Feature flags required by specific examples:

heap_tracing_report.cpp → -DOTRACE_HEAP=1 -DOTRACE_HEAP_STACKS=1 -DOTRACE_DEFINE_HEAP_HOOKS=1 [-rdynamic]

synth_tracks.cpp → -DOTRACE_SYNTHESIZE_TRACKS=1

rotation_gzip.cpp → -DOTRACE_USE_ZLIB=1 (or -DOTRACE_USE_MINIZ=1) for .json.gz output

What you can emit (and how it appears)

The goal is that the timeline tells a story without needing a log window. The primitives are small, but expressive.

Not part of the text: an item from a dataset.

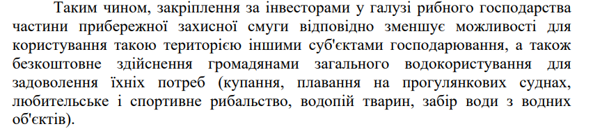 “Розміщення виробничої інфраструктури, зокрема причалів, сортувальних майданчиків чи рибоприймальних пунктів, потенційно впливає на стан водних об’єктів та прибережних екосистем, тоді як у законопроєкті не передбачено окремих механізмів попереднього екологічного аналізу або інших запобіжників для мінімізації такого впливу. Крім того, навіть за умови незначної площі окремих земельних ділянок їх сукупне розміщення вздовж берегової лінії може призвести до поступового обмеження доступу до водних об’єктів та змін у використанні прибережних територій, що потребує додаткових гарантій дотримання природоохоронного законодавства і забезпечення вільного доступу громадян до водних об’єктів”.

Scopes are the backbone. A scope is a block of time that starts when you enter a piece of code and ends when you leave it. The macro captures this as a single “complete” event with a duration. You can optionally attach a category and a small numeric argument.

{
  TRACE_SCOPE("parse_config");                 // a single colored bar in the timeline
  // your code here
}

{
  TRACE_SCOPE_C("db_roundtrip", "io");         // categorize similar scopes
  // your code here
}

{
  TRACE_SCOPE_CKV("render", "gpu", "triangles", triangle_count);
  // your code here
}

In the viewer, each becomes a colored slice on the thread’s lane, with the name and category available on hover, and with the extra argument visible in the details. The width of the slice is its measured duration.

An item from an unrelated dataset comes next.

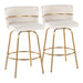 Cinch - Glam / Art Deco Fixed Height Counter Stool With Swivel With Round Footrest (Set of 2) - Gold / Cream 22.99"W x 22.99"D x 36.5"H - 16.49 lb
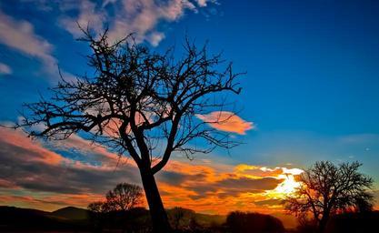Keywords: sunset evening sky afterglow clouds sky landscape nature shadows silhouette

// sugar: a scope tagged with category "zone"
TRACE_ZONE("hot_path");    // same as TRACE_SCOPE_C("hot_path","zone")

Begin/End pairs let you mark a long-lived operation when RAII isn’t convenient. They produce two separate events that the viewer stitches into a block.

TRACE_BEGIN("upload");
// do the upload
TRACE_END("upload");

Most of the time, the RAII TRACE_SCOPE* is simpler and safer; reach for begin/end when you truly need to separate boundaries.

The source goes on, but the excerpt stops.